The Poor Housing Available Around the World

It is widely accepted that there is an uneven spread of wealth around the world. It is believed that only 70% of the world’s population holds only 3% of the world’s wealth.

Typical pre-war council houses

This means that a lot of poor people have to live in houses, and other forms of accommodation, that are relatively cheap to build. This uneven distribution of wealth also occurs within countries and even in the same regions. People of similar wealth tend to live in the same areas and geographers for centuries have been producing theories that explain general patterns of land use in cities. Generally, the wealthy live in the nicer parts of the cities where as the poor are attracted to the least desirable areas, where the land is cheapest and no one else wants to use the land. In countries like the United Kingdom the poorer housing is often subsidized with people renting off the local authorities. These houses are known as council houses. The houses generally have two or three bedrooms and will be semi-detached. Originally these houses used to have an outside toilet and they were often shared with their neighbors. Recent council houses has seen an improvement in the quality of the buildings with all bathroom facilities moving to the inside of the house. The poor have also been housed in flats with the beauty being that large numbers of families that can be housed on a small land space. Initially, these high-rise flats were cheaply built and this led to many problems and effected the quality of life. Recent initiative has seen more money invested in the flats and this has been rewarded by producing better accommodation for people to live in. Despite there being examples of poor quality housing in the developed world it cannot compare with the conditions that the less well-off have to live in when they arrive in developing world cities. The major problem is that there are simply not enough houses available for the large numbers of families that require them.
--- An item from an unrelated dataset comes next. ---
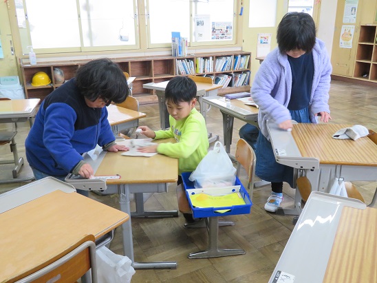 待っている間に、 自分の机を磨いている1・2年生。

A favela in Rio de Janeiro

These huge numbers of people then have a decision to make between sleeping on the streets, and building their own homes. Finding waste materials, these migrants into the city will then design make shift shelter and often large communities of this form of housing will emerge. This is known as shanty housing or even favelas in other parts of the world. Local authorities are often put in a difficult situation as these shanties are an unsightly scar on the city. But if the authorities move these camps where do the people go. The answer is simple and that is these homeless simply taking their materials elsewhere and build their homes in another part of the city. Many authorities have introduced self-help schemes where they have supplied these communities with raw materials. The families then share their tradesmen’s skills to build the houses into more permanent structures that will have access to the infrastructure of the city. This will include electric, gas, sewage and fresh water supplies. The developing world are having to use far different strategies than the developed world ever did, but they have to deal with far greater numbers.